Я посмотрел на часы. Только начало двенадцатого, еще не поздно позвонить. Я схватил свечу и побежал в книжную комнату, задыхаясь и что-то выкрикивая от волнения. Я набрал номер Джеймса. Я понятия не имел, что скажу ему, только думал, не забыть бы спросить, видел ли он морского змея. Послышались гудки, и с каждым новым гудком возбуждение мое убывало, сменяясь разочарованием. Неужели он уже уехал в Тибет? Или просто вышел из дому, обедает в каком-нибудь клубе с каким-нибудь другом-военным? Бог ты мой, как мало я знаю о его жизни! Я решил позвонить еще раз утром и тут же поехать в Лондон.
Я вернулся в кухню, отпер и распахнул заднюю дверь. Холодный страх, сковавший меня раньше, исчез бесследно. Я вышел на лужайку. В доме было темно и знойно, но здесь все было видно и воздух теплее. Я решил переночевать на воле, сходил в книжную комнату за подушками, а сверху принес одеяла. Добрался до того места у берега, где спал в прошлый раз, и устроил себе ложе. Потом вернулся к дому, где в окне красной комнаты приветливо мерцали свечи. В небе, хоть и померкшем, еще не видны были звезды, сияла только вечерняя звезда, зубчатая и огромная. Луна, бледная, как сыр, стояла низко над горизонтом.

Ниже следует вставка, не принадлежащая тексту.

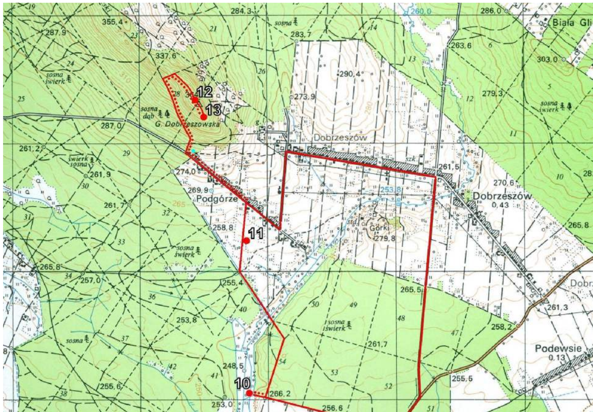
Mapka przebiegu ścieżki od przystanku 10 do przystanku 13.

Я вошел в красную комнату, где свечи, как на алтаре, возвышались по обе стороны моего стакана и почти пустой бутылки, вылил остатки вина в стакан и стал размышлять. Припомнил кое-что еще. Никто из остальных, конечно же, не заметил ничего странного, Перегрин сказал, что толкнул меня и пошел дальше. Он был очень пьян и, вполне возможно, действительно не знал, что случилось. К тому времени, когда все забили тревогу, я уже лежал у моста и Джеймс старался оживить меня. Джеймса я толком не расспросил, потому что сразу после этого он заболел, почувствовал резкий упадок сил и залег в постель. Почему он так изнемог? Потому что столько вытерпел, спасая меня, потратил столько физических и душевных сил на это немыслимое нисхождение. Я вспомнил его слова насчет того, что эти фокусы бывают «очень утомительны». Не мудрено, что он совсем расклеился. Но раз так… «Я ослабил свою власть над ним, я сдал…» О ком говорил Джеймс в тот вечер, когда я слушал его в полусне, о своем шерпе или… или о Титусе? Как случилось, что Титус пришел ко мне именно в это время? Зачем Джеймсу понадобилось знать, как его зовут? Имя — это путь. И почему Титус сказал, что видел Джеймса во сне? Джеймс всегда умел найти любую пропажу. Может быть, он протянул какое-то духовное щупальце, нашел Титуса и привел его сюда и держал его, так сказать, под надзором на какой-то нитке, на нитке внимания, которая оборвалась, когда Джеймс так непонятно заболел, после как поднял меня из моря? На смерть Титуса Джеймс отозвался фразой: «Это не должно было случиться», словно считал себя в ней повинным. Но если это была его вина, то почему не моя? Существует неумолимая причинность греха, и вполне можно сказать, что Титус погиб потому, что много-много лет назад я увел Розину у Перегрина. И конечно же, Титуса убило мое тщеславие, точно так же, как тщеславие Джеймса убило шерпу. В обоих случаях наша слабость сгубила самое для нас дорогое. Теперь я вспомнил и еще кое-что из сказанного Джеймсом. «Белая магия — это черная магия. Неумелое вторжение в чей-то духовный мир может породить чудовищ для других людей, и демоны, использованные для добра, могут остаться при нас и впоследствии натворить много бед». Что, если один из этих демонов, с помощью которых Джеймс меня спас, воспользовался предельной усталостью Джеймса, чтобы схватить Титуса и размозжить его юную голову о скалы?